De carne y hueso
María Kodama, viuda de ese anciano venerable que aparece en la contraportada de libros poblados de laberintos y de espejos, es una mujer vertical que viste anorak y que lleva en la cabeza el invierno de una canicie perpetua. Aparte de los documentales, yo la había visto una sola vez, casi dos lustros ha, cuando la Diputación de Sevilla homenajeó al maestro por el centenario de su nacimiento con unas conferencias algo desaliñadas y un concierto en el Maestranza que dejó dos o tres gritos en el cielo y adjetivos poco obsequiosos en la crítica de los periódicos. Este año, en que se cumple el otro centenario, el de la segunda fecha que acompaña al nombre de Borges en las entradas de las enciclopedias, la Diputación ha pasado el testigo al Ayuntamiento de Tomares, municipio del Aljarafe sevillano conocido por sus chalés adosados y sus centros comerciales y ahora, también, por una dedicación loable y suicida a la causa de la cultura. Para celebrar el tránsito del anciano a la otra vida donde no padecerá más insomnios, Kodama visitó un moderno edificio de este municipio y durante una hora de longitud de autopista desgranó la vida y milagros de la última gran gloria de nuestras letras, ese hombre que ella había conocido bajo la forma doméstica de la carne y el hueso que nos recubre a todos, que también sudaba, sufría tartamudez y se sentía solo de a ratos pero que en su boca acababa por adoptar la solidez impecable del mármol y el bronce. La ponencia dejó en mí un poso de perplejidad y melancolía, similar al que provoca la fotografía de una ciudad después de un cataclismo: los ojos no reconocen el paisaje, la costumbre se afana en hallar lugares familiares que se ha convertido en polvo y en identificar esa esquina que ya sólo cuenta con puesto en el museo de la memoria. Un centenario es lo más parecido a la carcoma, al óxido: se extiende sobre la persona que pretende celebrar y le arranca el color y la forma para dejarnos una especie de molde hueco, de figura que sólo puede admirarse de lejos y que contiene poco aparte del aire. En vez del Borges al que conoció, Kodama prefirió referirse a otro más cómodo, más manejable y trivial: el de las Obras Completas.
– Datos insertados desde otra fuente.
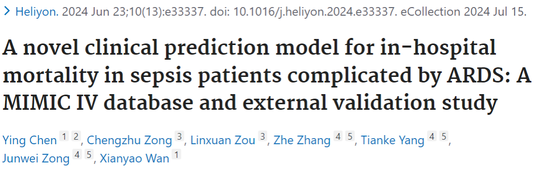 结论:我们的模型是识别住院死亡风险高的脓毒症并发ARDS患者的宝贵工具。这可以实现个性化治疗策略的实施,从而改善患者的预后。

La lectura, como el amor, consiste en el ejercicio del tacto: en ambos casos palpamos una superficie en busca de la vida que palpita debajo, exploramos piel o papel intentando adivinar cómo funcionan los órganos que los animan y les dan calor. A veces encontramos un hueco inesperado, un orificio en algún pliegue o en el hiato entre dos sílabas y sucede el milagro de la pasión; esa persona o ese texto se nos vuelven imprescindibles porque hemos logrado acceder a su núcleo y hemos presenciado cómo suceden las cosas del otro lado de la cáscara. El verdadero amante, de la literatura y de los hombres, se pasa la vida pelando naranjas: arrancando esa corteza porosa, apartando la red de filamentos pálidos que protegen los gajos donde aguarda un sabor dulce o ácido y la sed se apacigua. Pero las academias, que siempre profesan el platonismo, prefieren la forma al contenido y con la excusa de proteger a los autores del desgaste del tiempo los convierten en iconos de sí mismos, en guantes vacíos sin manos que los habiten. Durante su última estancia en Sevilla, María Kodama criticó las memorias, recientemente publicadas, en que Bioy Casares dejó cuenta al pormenor de sus encuentros con el anciano del mármol y las ediciones de lujo. Las encontraba, dijo la viuda, un acto de mala fe, de indiscreción: le molestaba que el profano comprobara que antes de marca registrada Jorge Luis Borges fue un ser humano que, igual que el resto, tenía sus momentos de flaqueza, se reía de chistes sin gracia y caía rendidamente enamorado de mujeres de cartón piedra. Pero como saben todos los enamorados la pasión comienza en las banalidades, en la torpeza del otro que nos hace amarlo porque también es frágil y necesita que le disculpen. La gran ventaja de la piedra es que resiste la lluvia sin inmutarse; el defecto, que al ser acariciada sólo transmite un escalofrío. Salvo la de Pigmalión, las estatuas no responden al entusiasmo de quien las adora: un libro, un autor, son algo más.